R-help to extra exercise on time series
# Read the data and inform R that (the log-transformed) pasenger numbers are time series data with monthly observations:
airline<-matrix(scan("http://www.math.uio.no/avdc/kurs/STK4900/data/airlines"), byrow=T)
airlinets<-ts(log(airline), start=1947, frequency=12)
# Before we look at the questions in the exercise, we will make some plots to get an overview of the data:
# Plot of the data (cf page 106 in BS)
ts.plot(airlinets,ylab="log(passenger)")
# Decompose the time series in trend, sesonal variation and residuals and plot the components:
# (It is beyond the scope of our presentation to describe how this is done. See help(stl) for details.)

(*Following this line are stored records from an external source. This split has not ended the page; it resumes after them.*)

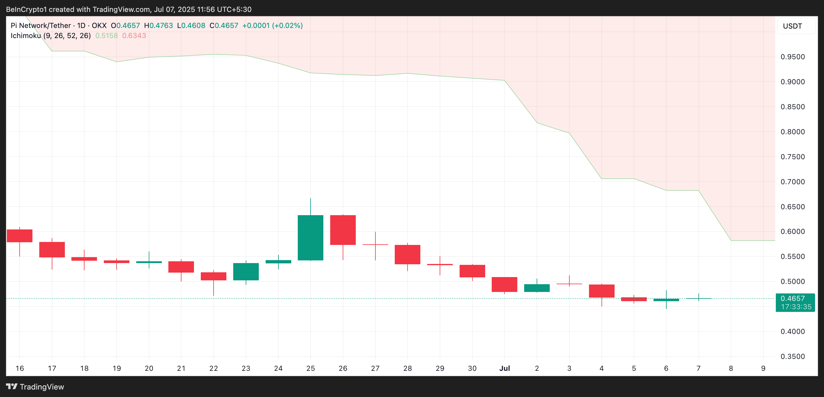 PI/USD-yhden päivän kaavion lukemat paljastavat, että altcoinin sulkeuduttua 0,46 dollariin 4. heinäkuuta, se on epäonnistunut ylittämään tämän hintatason. Tämä entinen tukitaso on nyt muuttunut vastusalueeksi, jota PI näyttää kamppailevan ylittääkseen, kun kysyntä heikkenee.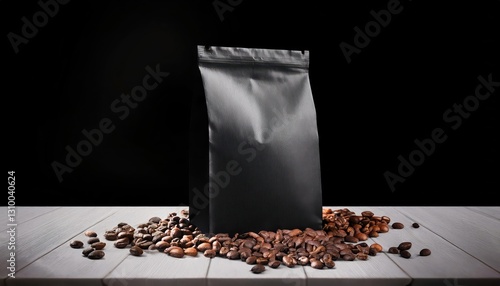 Rustic Coffee Elegance Dramatic Coffee Spill Enhances Sleek Black Packaging Mockup Amidst a Cozy Coffee Table Setting, Evoking a Charming, Intimate Atmosphere.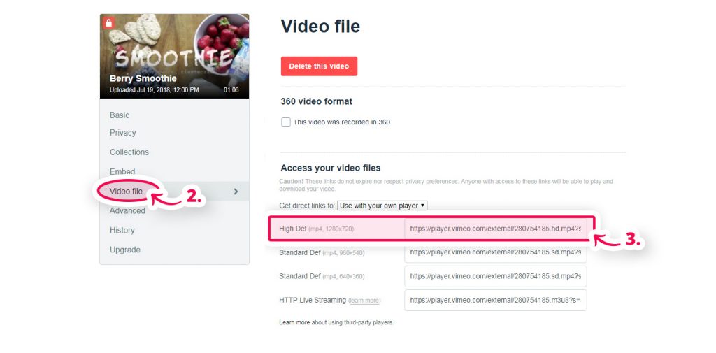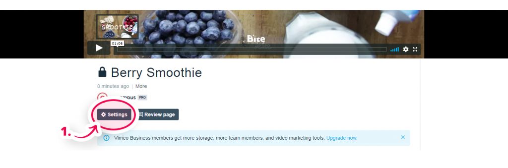 Krok 1: po opublikowaniu wideo w usłudze vimeo Pro, kliknij przycisk Settings.

airlinets.stl<-stl(airlinets[,1],"periodic")
plot(airlinets.stl)
# Then we turn to the questions in the exercise
# QUESTOINS a&b)
# Define dummy variables for each of the months:
m1<-c(1,rep(0,11))
m2<-c(0,1,rep(0,10))
m3<-c(rep(0,2),1,rep(0,9))
m4<-c(rep(0,3),1,rep(0,8))
m5<-c(rep(0,4),1,rep(0,7))
m6<-c(rep(0,5),1,rep(0,6))
m7<-c(rep(0,6),1,rep(0,5))
m8<-c(rep(0,7),1,rep(0,4))
m9<-c(rep(0,8),1,rep(0,3))
m10<-c(rep(0,9),1,rep(0,2))
m11<-c(rep(0,10),1,0)
m12<-c(rep(0,11),1)
m1<-rep(m1,12)
m2<-rep(m2,12)
m3<-rep(m3,12)
m4<-rep(m4,12)
m5<-rep(m5,12)
m6<-rep(m6,12)
m7<-rep(m7,12)
m8<-rep(m8,12)
m9<-rep(m9,12)
m10<-rep(m10,12)
m11<-rep(m11,12)
m12<-rep(m12,12)
# Check that these commands generate dummy variables as described in the exercise.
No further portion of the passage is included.